--- DATA TO EXAMINE ---

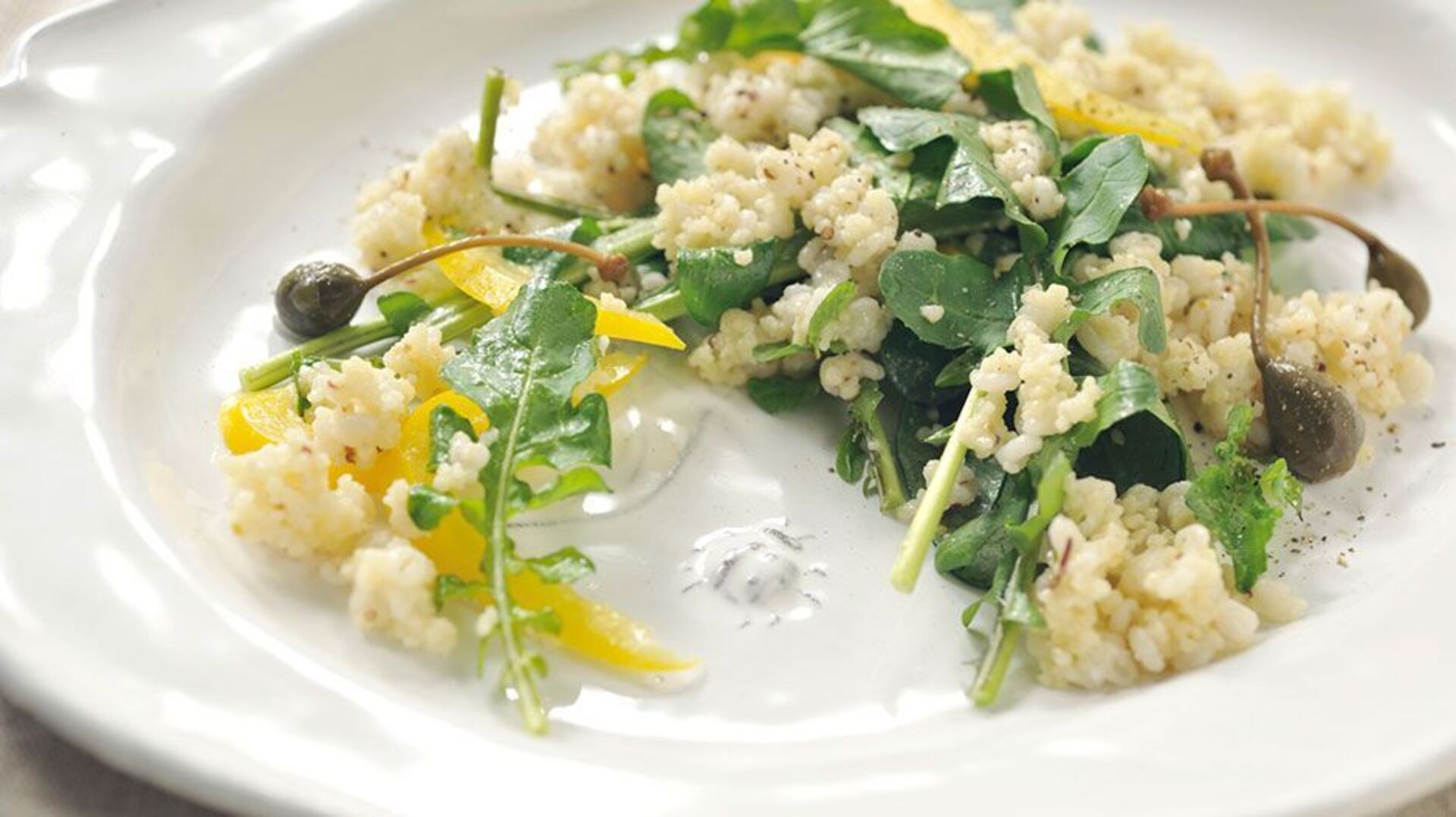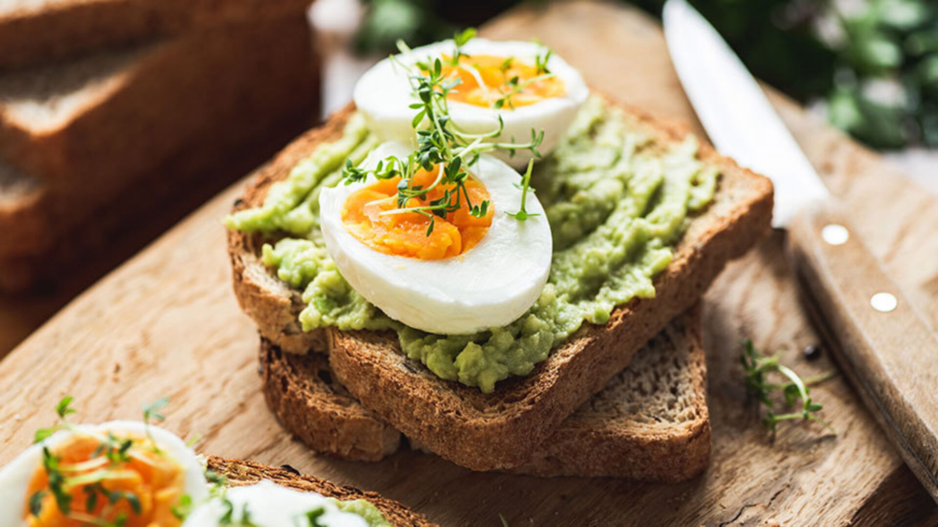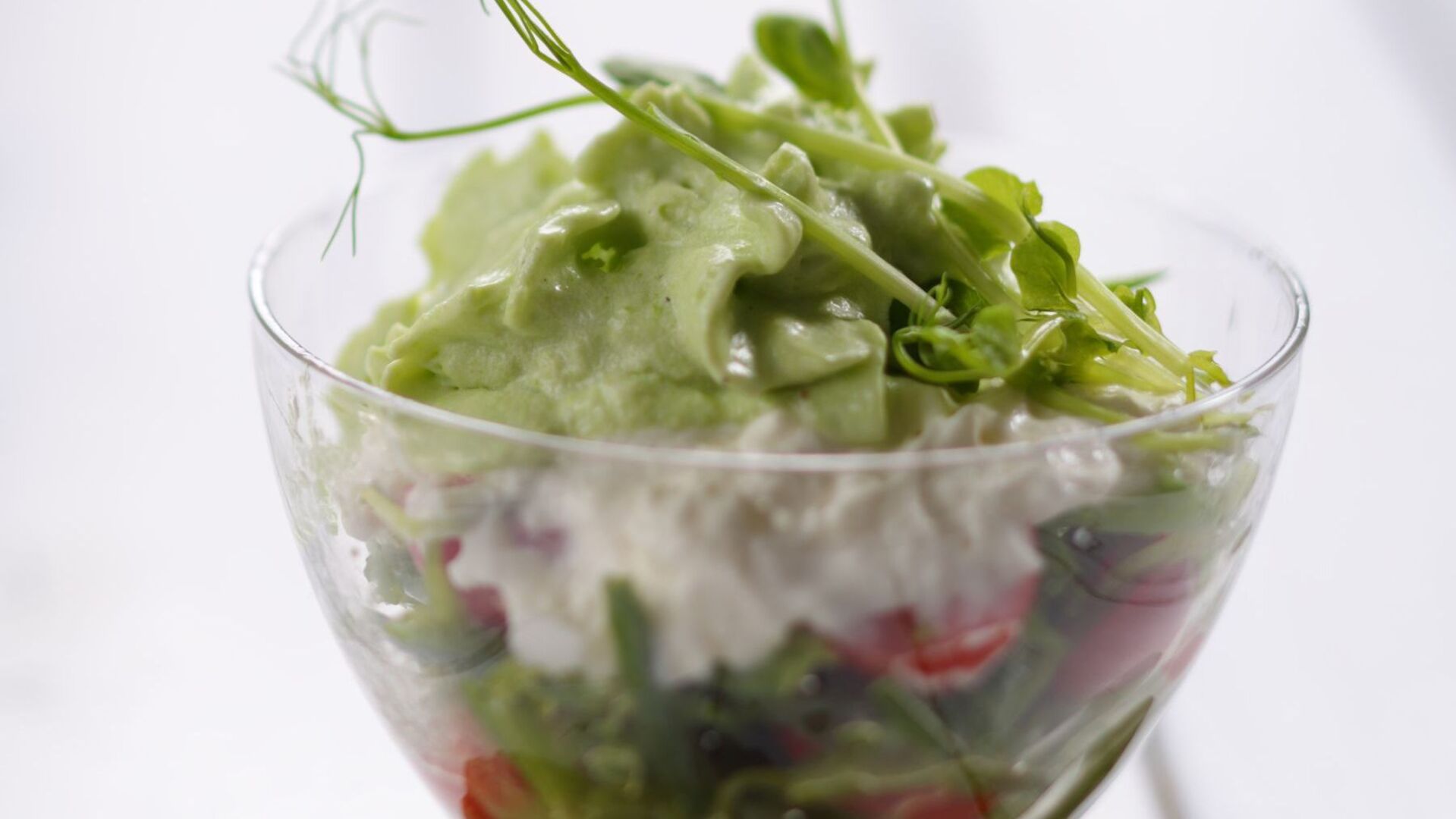 Spinat-Wildkräuter-Salat mit gebackenem Ei und Bärlauchschaum
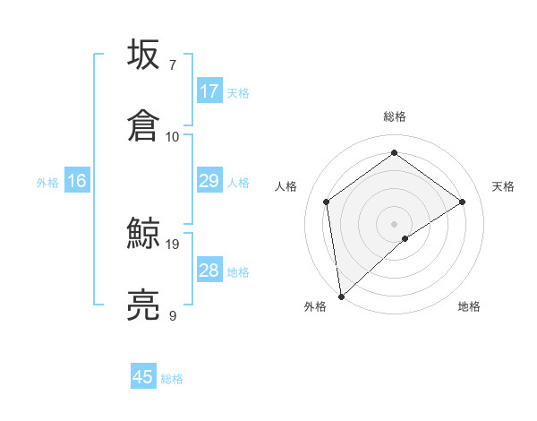 坂倉 鯨亮さんの総格は45画の4点!
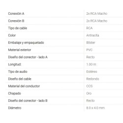 Cable audio 2 RCA macho/2 RCA macho 1mts NEDIS
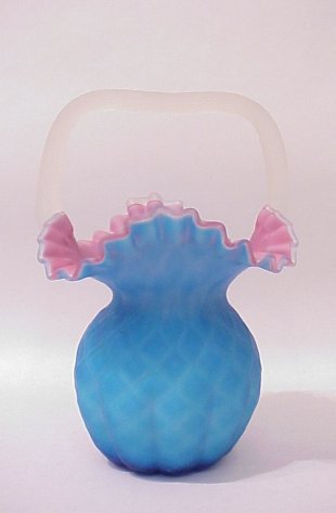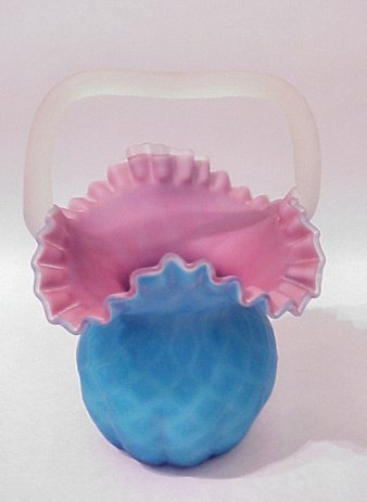 VICTORIAN QUILTED SATIN GLASS ART GLASS BASKET: Blue satin glass basket with interior partially layered in pink. Clear satin bark like handle, ground base. 11 1/2''h., 8'' dia.
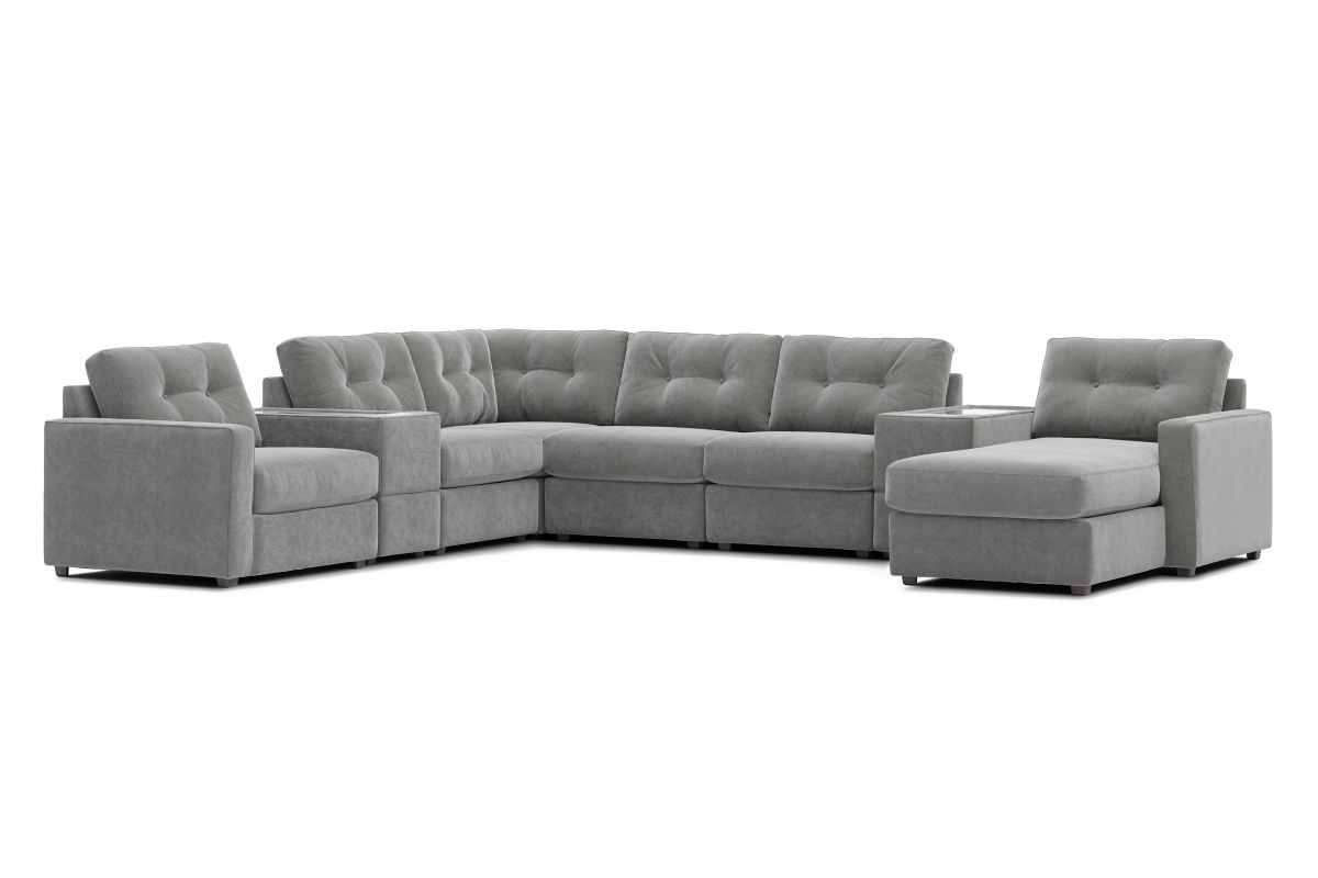 Discover the limitless possibilities of the Modular One sectional, thoughtfully designed with comfort and flexibility in mind. This customizable seating solution features individual pieces that can be reconfigured to the shape you need. Game days, movie nights, sleepovers, and everyday relaxation are all better when the seating arrangement you want is always right at your fingertips. This soft, grey chenille includes Repreve yarn, made with recycled plastic bottles. The open seating includes a chaise and has welted track arms, top-stitched seat cushions and button-tufted back cushions for an elegant silhouette. Two consoles provide hidden storage, USB charging ports, wireless charging, Bluetooth speakers, and double as side tables with sleek acrylic tops.
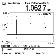В отличие от цифрового запоминающего осциллографа разрешение в технологии Transitional-Sampling™ не зависит от установок временной развертки и захватывает импульсы шириной до 6 нс с разрешением менее 1 нс на всех диапазонах развертки по времени. Это предоставляет уникальную возможность измерения сигналов с малой скважностью. Например, рис. 4а и 4б показывают 1 мкс импульс с радара. Рис. 4а показывает 2 цикла импульса длительностью 1 мс, при этом длительность импульса измеряется с разрешением в 5 разрядов. Рис. 4б показывает форму импульса, при этом частота (или др. параметры) измеряются с очень высокой точностью. Несмотря на малую скважность сигнала 1/1000 Fluke-164 отображает длительность импульса с высокой точностью.
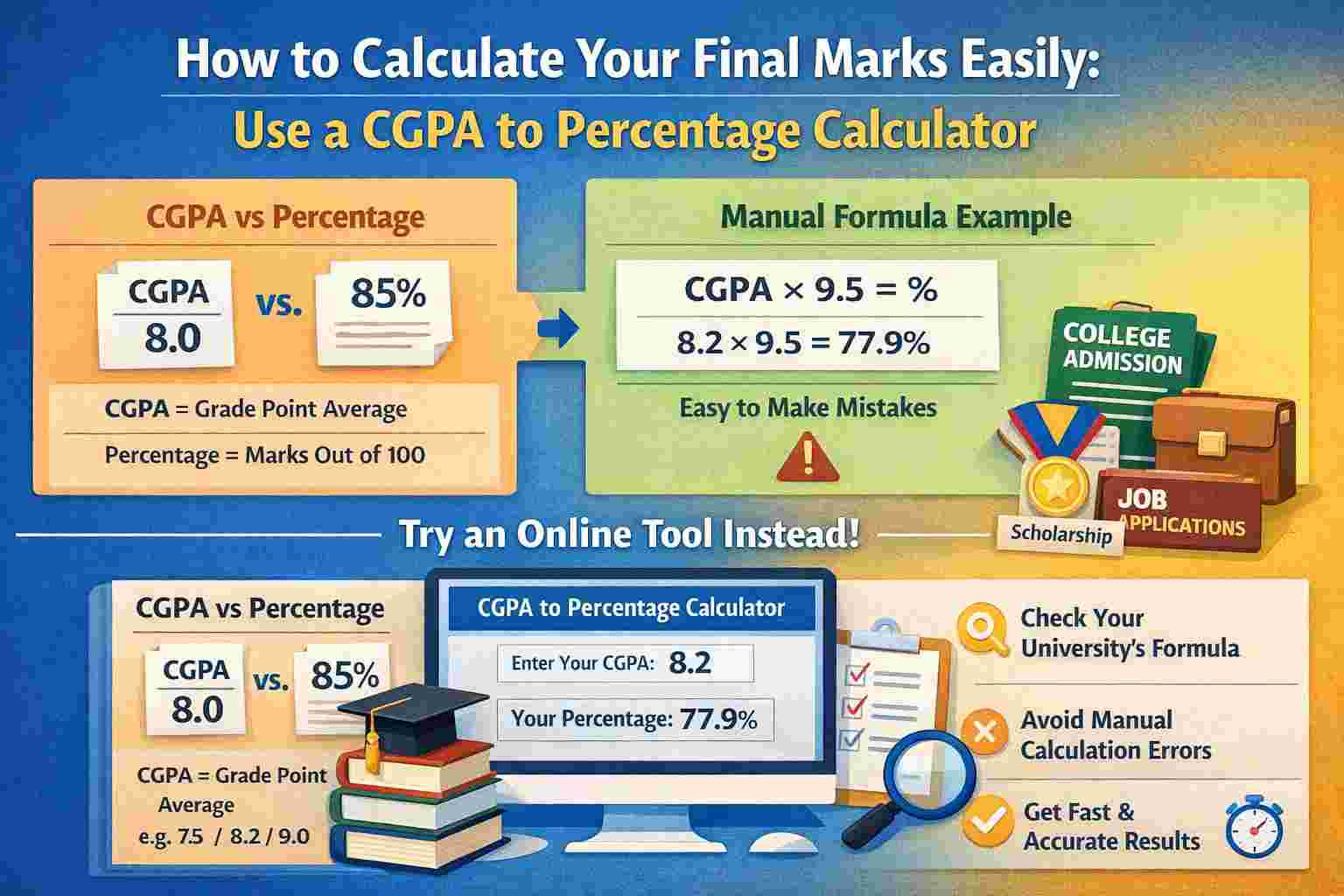 CGPA and percentage both measure academic success. The format may differ, but accuracy always matters. A small calculation error can create big problems later.
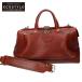 ボストンバッグ メンズ 本革 光沢 鞣しレザー トラベルバッグ 大容量 男女兼用 機内持ち込み コルフバッグ 底鋲付き 旅行バッグ ラウンドファスナー 赤 50cm
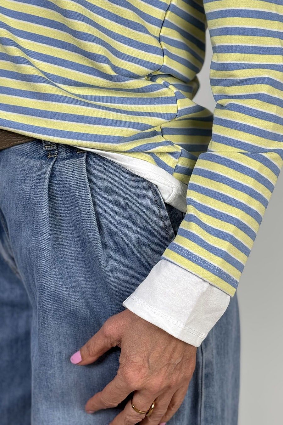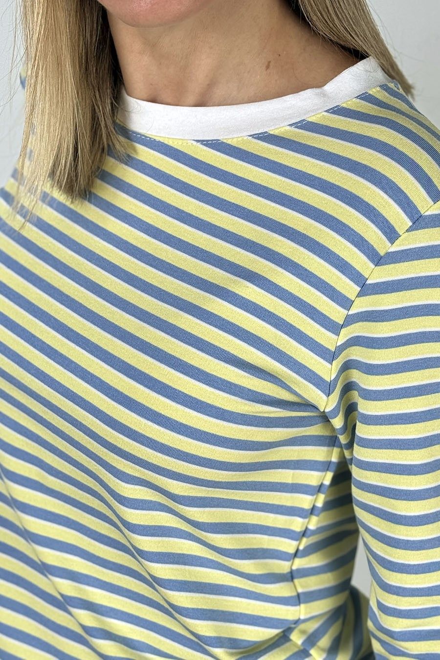 Jersey de manga larga estampado a rayas finas horizontales, Confeccionado en punto de grosor medio incluye detalle, en puños y cintura, de "efecto camiseta interior". Cuello redondo a contraste y diseño fluído.
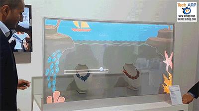 还有这款透明OLED显示技术,明明就是一块透明的玻璃,屏幕上显示的内容却十分清晰。

---

• [TASK STATEMENT]:
Give again, exactly as written above, every line from the one holding "VICTORIAN QUILTED SATIN" to the one holding "Discover the limitless", with both ends kept and the pictures left out.

• [THE ANSWER]:
 VICTORIAN QUILTED SATIN GLASS ART GLASS BASKET: Blue satin glass basket with interior partially layered in pink. Clear satin bark like handle, ground base. 11 1/2''h., 8'' dia.
 Discover the limitless possibilities of the Modular One sectional, thoughtfully designed with comfort and flexibility in mind. This customizable seating solution features individual pieces that can be reconfigured to the shape you need. Game days, movie nights, sleepovers, and everyday relaxation are all better when the seating arrangement you want is always right at your fingertips. This soft, grey chenille includes Repreve yarn, made with recycled plastic bottles. The open seating includes a chaise and has welted track arms, top-stitched seat cushions and button-tufted back cushions for an elegant silhouette. Two consoles provide hidden storage, USB charging ports, wireless charging, Bluetooth speakers, and double as side tables with sleek acrylic tops.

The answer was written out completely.